Castlegar’s enterprising entrepreneur
Jordan Perkins is living his dream, coaching his staff and cross-promoting Castlegar’s businesses
At 35 years old, Jordan Perkins, franchisee at the Boston Pizza in Castlegar, B.C., has 22 years of experience in the restaurant business. Growing up in a low-income family in Ontario, Perkins wanted to have the kind of stuff his school friends had, so at the age of 13 he got an after-school job in a small pizza place. He was a tall kid who seemed older than his years, and he worked from 4:00 to midnight, five evenings a week.
“I worked in as many restaurants as I could, to get experience,” Perkins said. “I knew I wanted to own a restaurant by the time I was 25, and I almost made it—it took me until I was 26.”
Go west, go south, go
At 21, while he was working in Whistler, Perkins was invited to go to the Caribbean for a couple of months to open a beach bar. The deal included wages of $50 per week, and Perkins grabbed the opportunity.
“I stayed there for two years and I opened three businesses,” he said. “The first one was a success, and then the second one, and the third one too—and then I missed Canada and I came home. Someone told me Kelowna doesn’t get snow, so I hitchhiked from Toronto to Kelowna. For a couple of years I worked in motels and restaurants, including a Boston Pizza, and then the company offered me a great deal financially—to take over the ownership of the Boston Pizza in Castlegar. I said, ‘OK, I’ll do it! Where’s Castlegar?’ ”
Perkins’s resemblance to a certain American celebrity was emphasized when, the night before he was to meet the Boston Pizza staff at his newly acquired restaurant, he buzzed off most of his hair. He found the general reaction to his new look quite amusing.
“Very quickly a rumour started around town that Justin Timberlake had bought the Boston Pizza,” he said, laughing. “So people started coming by to check it out, which helped the whole cause. It was pretty funny, and people still call me Justin as a joke. I’ve kept the short hair—I do it myself and it saves me the cost of haircuts.”
More than just a company man
Perkins has become quite a force for change in the business world in Castlegar. His ideas for cross-promotion among businesses, including encouraging people to shop locally and increasing the flow between Castlegar’s uptown and downtown business areas, have certainly met with the approval of the local chamber of commerce.

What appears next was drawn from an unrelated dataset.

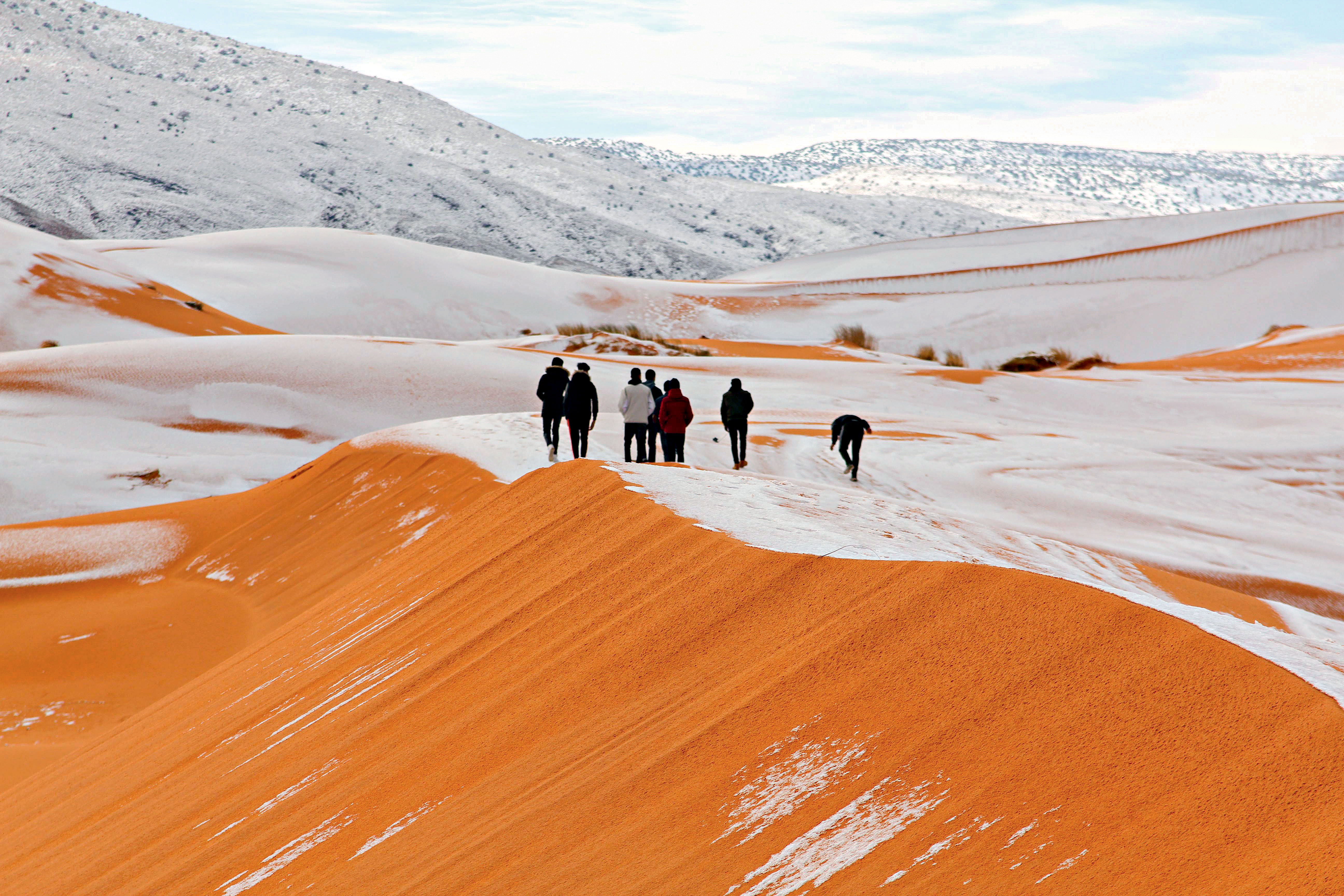 Os moradores da pequena cidade de Ain Sefra, na Argélia, estão habituados à vista do Saara. Criada pelos franceses em 1881 como um posto militar avançado, a vila é uma das portas de entrada para o deserto no país. Apesar de seu tamanho modesto, Ain Sefra enfrentou episódios famosos, como uma enchente-relâmpago que dizimou a vila em 1904 e a Batalha de MZI, uma das principais na guerra de independência argelina, em 1960. Na semana passada, seus habitantes ganharam notoriedade por outro motivo: a neve. As imagens das dunas cobertas por um manto de gelo em Ain Sefra impressionaram pelo contraste de cores, fenômeno que já ocorreu pelo menos em duas outras ocasiões nas últimas quatro décadas. Apesar das baixíssimas temperaturas à noite, o deserto dificilmente tem neve, devido à falta de umidade. A pintura branca foi gerada por uma rara corrente de ar úmido vinda do Atlântico Norte. A neve no Saara, associada às tremendas tempestades de inverno que açoitam a costa leste dos Estados Unidos, assanhou os negacionistas, assim chamados os que negam peremptoriamente o aquecimento global. Eles foram às redes sociais para apresentar as imagens de neve como prova de suas convicções. Com isso, promovem uma confusão elementar, misturando dois conceitos: o tempo (que se refere ao estado da atmosfera a curto prazo, ontem, hoje ou amanhã) e o clima (que diz respeito ao estado da atmosfera em longos períodos). É por isso que o tempo pode estar frio, com nevascas intensas, mas o clima pode estar ficando gradualmente mais quente. Não é só em Ain Sefra que os tempos andam estranhos.

“He’s a marketing guru,” said Tammy Verigin-Burk, executive director of the Castlegar & District Chamber of Commerce. “He’s drawing people to shop local because they get so many benefits, not just because it’s the right thing to do.”
Perkins is reaching the community in his own unique ways, and profit is not his only motivation.
“We have a deal with about a dozen dentists, including some in Trail and Fruitvale,” he said. “Any kid under the age of 10 who goes to one of those dentists gets a free kid’s meal from us at Boston Pizza.”
His support of the local hockey and other sports teams goes beyond cheering them on. Any hockey team or other group of 15 or more gets 20 per cent off their bill if they pre-order. That’s efficient for the restaurant and supportive to the teams.
“We keep track of the receipts for deliveries to guests at the Sandman Hotel,” Perkins said, “and every so often we calculate 10 per cent of the total and give that amount in free Boston Pizza product to the staff as a thank you for recommending us.”
Man with a mission
Perkins likes developing the people who work for him. He tells them that when they leave Boston Pizza, he wants them to have more skills than when they started.
“At work, three things are important: do your job, get along with people and have fun—you need to do all of them,” he said. “If you don’t, you’re disappointing your boss or disappointing yourself or you’re burning out. You always need to raise the bar—try to do better than the guy beside you, without putting him down. You want the whole team to win. The restaurant business is not a sprint, it’s an endurance race.”
Perkins describes himself as a leader rather than a boss, and he remembers his humble beginnings. “I still do dishes,” he said. “I deliver pizzas, I do all the maintenance here—I do whatever it takes.”
Balancing the work
A couple of years ago Perkins tried his hand at painting, and he has developed a style that’s bold, colourful and big—his canvases are one metre square or bigger. He likes to create his own version of portraits of celebrities and is planning to do a portrait of Leo Tolstoy for the Castlegar Art Walk. Tolstoy was an ardent supporter of the Doukhobor emigration fund when the first members of that religious sect came to Canada; many settled in the Castlegar area. You can see some of Perkins’s work on his Facebook page.
Perkins is also a whitewater paddleboard instructor who frequently makes trips on the Columbia River from Millennium Park down to Genelle or Trail, just to show people how beautiful it is.
In the typical poor-kid-makes-good story, the poor kid often becomes a shark. In this case, however, the kid is enriching his business community, he’s contributing to its culture and he’s employing and mentoring its young people. Not a shark, then, but certainly a catch.